For 2003, the Ford Mustang stands alone as America's only remaining rear-wheel drive V8 powered pony car; its closest and oldest rival, the Camaro, was laid to rest last year. With the Camaro out of the picture, the Mustang reigns supreme in terms of horsepower and torque, now challenged only by a handful of V6 powered front-wheel drive competitors.
The Mustang line continues to offer both the base model and high-output GT in either hardtop coupe or convertible form. Though it rests on an aging platform, Mustang engineers continue to find ways to brace and stiffen the car's body and improve its suspension and handling characteristics. This year, the Mustang gets new shock absorbers and larger bushings and bump stops that help control jounce (the rebound movement that occurs after a car hits a bump in the road) and also limit the rear-axle's upward movement, thus improving ride quality.
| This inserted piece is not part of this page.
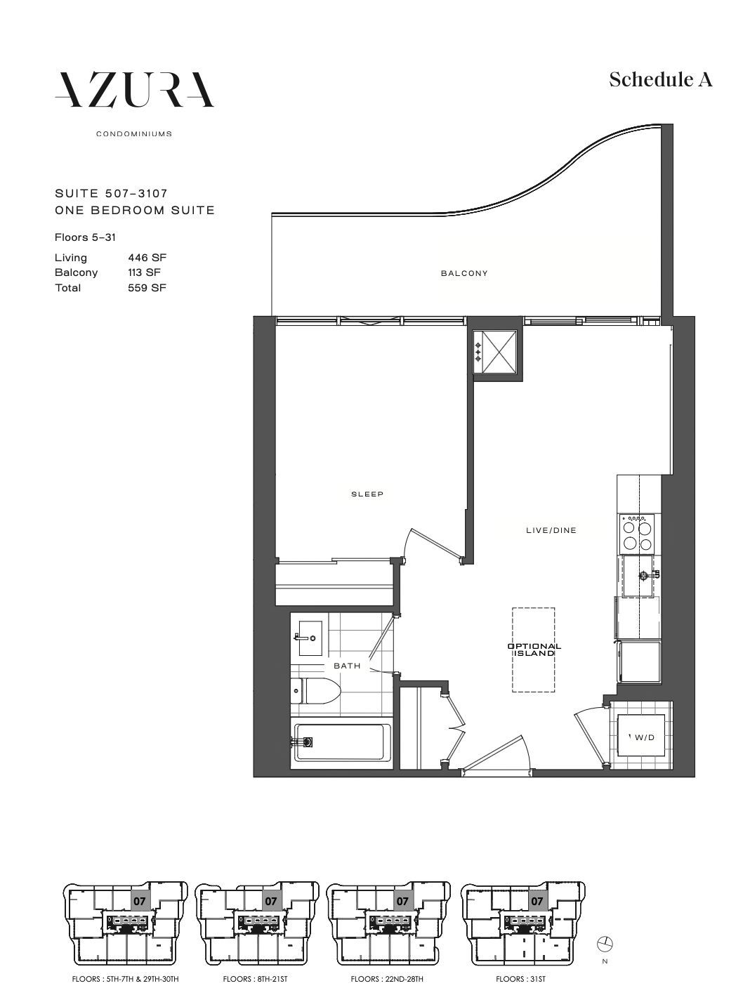 • 1-bedroom unit with floor-to-ceiling windows and a large balcony.
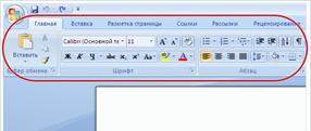 Содержимое каждой вкладки было тщательно продумано на основе опыта работы пользователей. Например, вкладка Главная содержит те команды, которые используются чаще всего, команды группы Шрифт для изменения шрифта текста: Шрифт, Размер, Полужирный, Курсив и др.

The ride handling changes are noticeable, especially on the GT model, but the Mustang's ride still remains fairly rough in comparison to many newer platforms.
The most affordable Mustang is the V6 model; it offers a 190-horsepower engine, a long list of standard features and a sticker price that starts at just over $18K. Ford offers three packages with the Mustang: standard, deluxe and premium. Each trim combines the most popular options customers usually order into a single, low priced package. Even fully loaded, a V6 powered Mustang coupe remains under $23,000, which by today's standards seems pretty impressive. The V6 is a nice engine for the Mustang, providing a good amount of low-end torque that enables it to move quickly off the line. The standard 5-speed manual feels crude, almost truck-like in its execution and the heavy clutch pedal movement doesn't feel much better. Ford does offer a 4-speed automatic transmission and we think this is a good choice for those who do not like to shift their own gears. The Mustang's automatic transmission provides smooth shifts that make the most of the engine's power and includes an overdrive gear to maximize highway fuel efficiency.
The car that puts the power in the Mustang's kick is the GT. Saddled with a 4.6-liter V8 engine, the GT is able to deliver 260 horsepower to its 17-inch rear wheels, enough power to chirp the wheels in second gear as well as arouse the attention of every traffic cop within eyesight. The GT offers the same 5-speed manual as the V6 model, but its long throws and heavy mechanism seem less bothersome due to the V8's tremendously fun-to-drive attitude. The GT's standard limited-slip rear differential helps the rear-drive coupe maintain its poise on slippery road surfaces as well as during hard cornering; the GT also comes standard with traction control.
On the road, the Mustang handles pretty well. Its power steering allows the wheel to feel heavy without much float, but it does not return much in the way of road feel. Thankfully, the Mustang's combination of a short hood and short wheelbase allows you to maneuver the car around tight corners with little effort or trepidation. The Mustang comes standard with a nice set of four-wheel disc brakes that greatly improve the car's stopping power; ABS is optional on the V6 and standard on the GT.
This year, Ford has created a limited-production Mach 1 model that adds a real-live functioning "shaker" hood scoop, unique paint and wheels and a special interior leather designed to mimic the original Mach 1's interior. The GT's 4.6-liter engine has been re-worked with new cams and a modified air intake to accommodate the ram-air shaker hood scoop; the result is a Mustang that produces over 300-horsepower. The Mach 1 will also ride on a one-inch lower suspension and have special 17-inch Magnum 500 wheels and Mach 1 paint decals.
Interior space in the Mustang is tight, especially if you are over 6-feet in height. The primary cause for the car's limited legroom is the short seat tracks that do not allow seats to slide back far enough: the Mustang's large transmission tunnel also takes up much-needed space in the foot wells. Rear-seat passengers should be both short of stature and lean of frame if they are expect to sit comfortably for any duration that exceeds 15 minutes. The V6 seats are a bit soft and do not offer much in the way of lateral or lower thigh support. The GT's sport seats are somewhat better, with more side bolstering and lumbar support, but the best Mustang seats can be found in the new Mach 1; they feature large side bolsters, tall seat backs and 4-way adjustable headrest.
Standard equipment on the V6 Mustang includes air conditioning, rear defroster, power door locks, power windows, 16-inch alloy wheels, dual power mirrors, tilt-wheel, tachometer, keyless entry, AM/FM stereo with CD, cloth bucket seats and a power trunk release. The GT adds a V8 engine, 17-inch alloy wheels, performance tires, anti-lock brakes, 6-way power driver's seat, speed control, leather-wrapped steering wheel, traction control and a limited-slip rear differential.